At the 2023 state election, the Liberal Party's how-to-vote cards generally only had one box numbered for the Lower House, as well as two above-the-line and none below-the-line for the Upper House. In the Upper House, the party gave their second preference to the Liberal Democrats. As the Liberal and National parties form the Coalition both federally and in many states (including New South Wales), candidates from each party direct preferences to each other if both parties are contesting in the same electorate. In 2023, this scenario (which rarely occurs in New South Wales) happened in two electorates: Port Macquarie and Wagga Wagga. In Port Macquarie, the two parties directed their second preferences to the other party and numbered no other candidates on the Lower House ballot paper in Port Macquarie. However, in Wagga Wagga, both parties directed their second preferences to the other Coalition party and their third preferences to independent Joe McGirr, but numbered no other candidates. Statewide, both parties contest the Upper House on the same ticket.
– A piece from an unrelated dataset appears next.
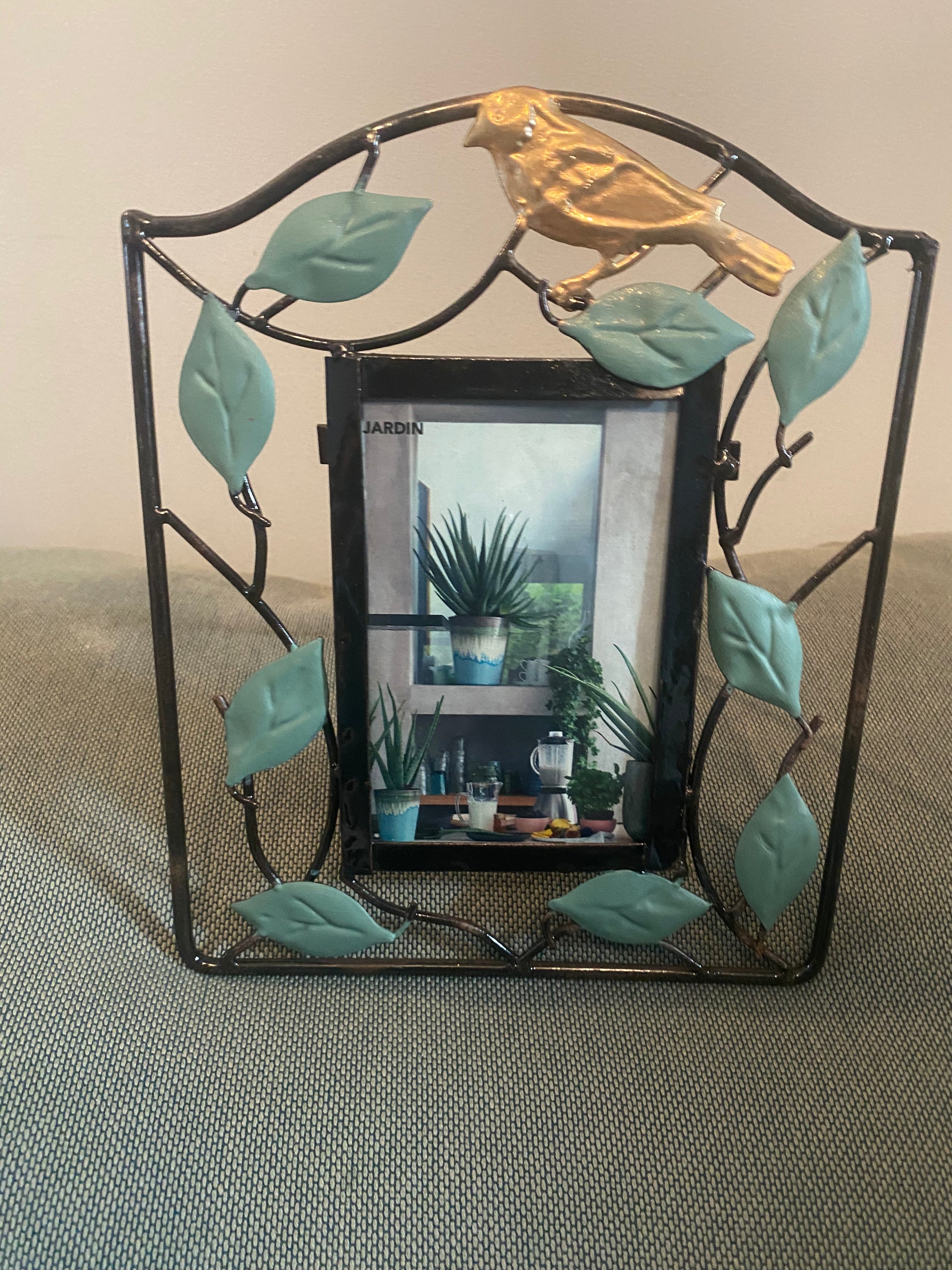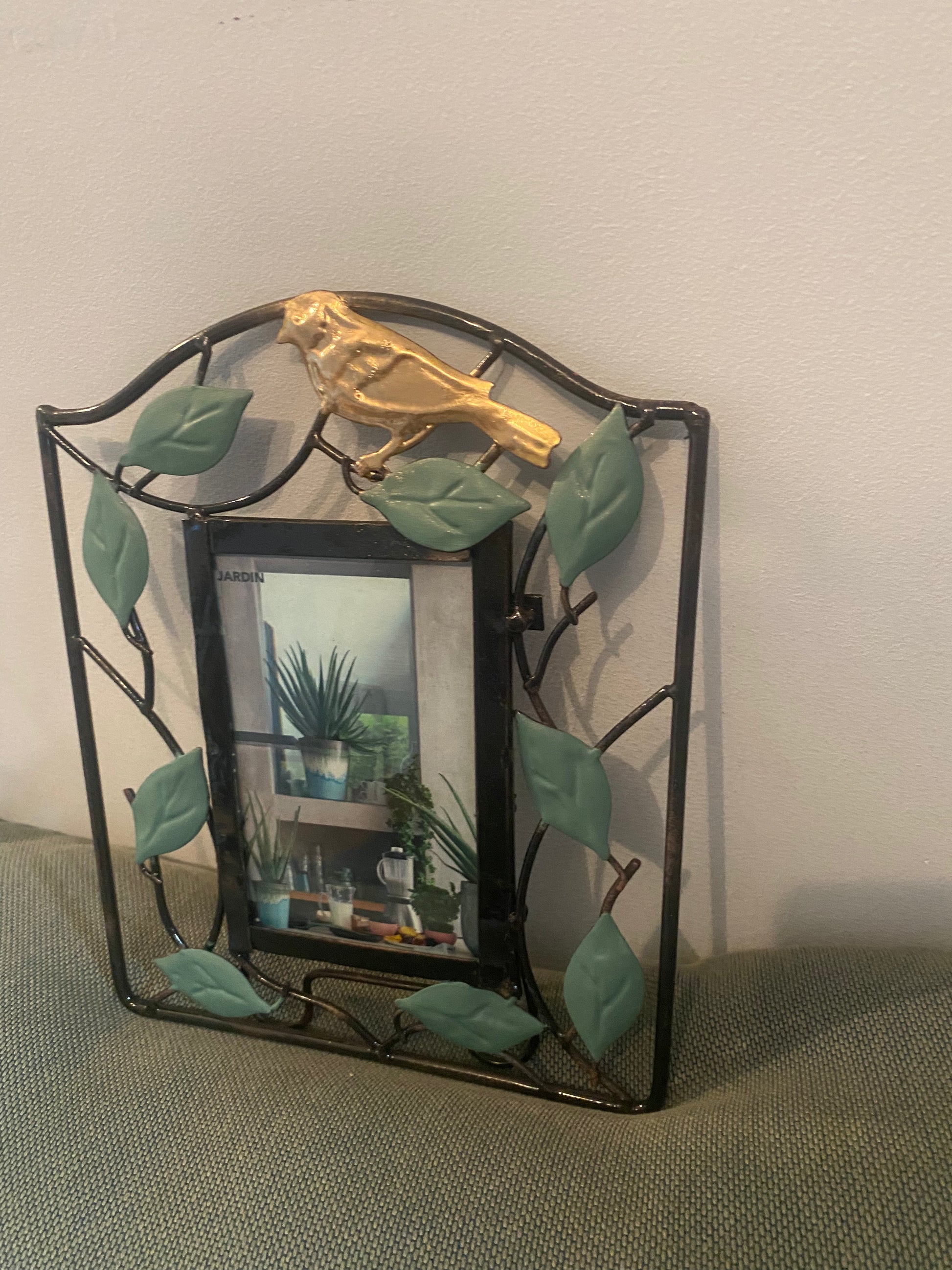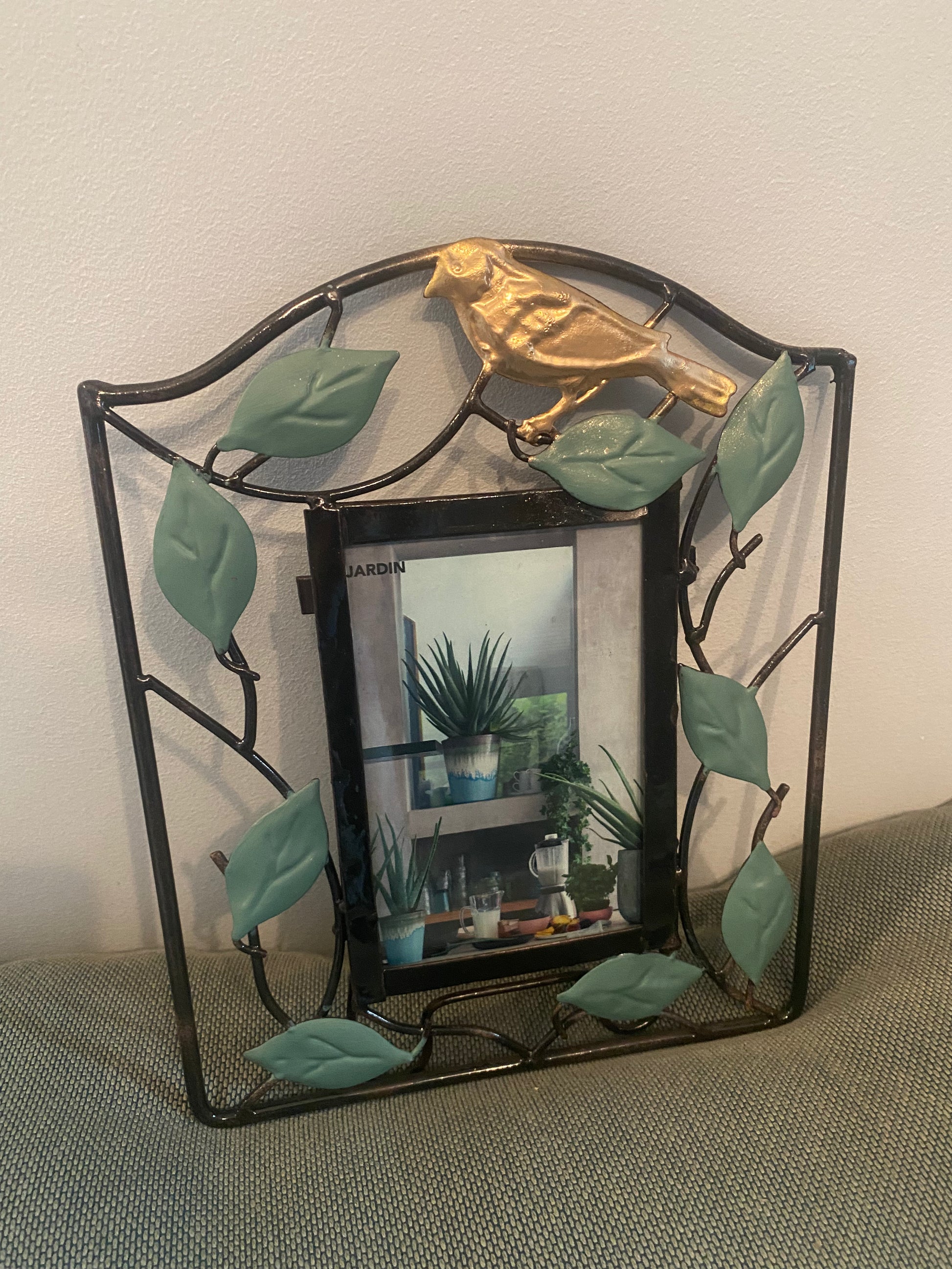 Très beau cadre avec décors de branches avec des feuilles vertes et un bel oiseau couleur or.

The Labor Party's preferences on how-to-vote cards vary, with some candidates choosing to number just one box on the Lower House ballot paper (and one above-the-line on the Upper House ballot paper) and others choosing to number more than one candidate for the Lower House and up to four parties above-the-line for the Upper House. However, in 2023, all Labor candidates that numbered more than one candidate on their Upper House ballot paper numbered the Liberal Party last.

In 2023, One Nation's how-to-vote cards instructed voters to only number one box on each ballot paper (and none below-the-line in the Upper House).

=== South Australia ===
In South Australia, a combined HTV card is displayed in the polling booths and early voting centres. Apart from saving paper, these combined HTVs are helpful for candidates who do not have the resources in manpower or funding to man every booth.

A how-to-vote card lodged with the Electoral Commission of South Australia for display in polling booths and early voting centres. These HTV cards are edited for size and do not display images or icons.

=== Victoria ===
In Victoria, HTV cards must be authorised by the Victorian Electoral Commission and meet certain regulations before they can be handed out on election day. Once the HTV card has been approved it can be handed out by the VEC employees in mobile hospital units and other non-regular booths. These cards are also archived by the VEC on their website.

=== General ===

- Depending on jurisdiction, ballots show party names.
- Depending on jurisdiction, ballots may show a party icon, say 32 x 32 pixels.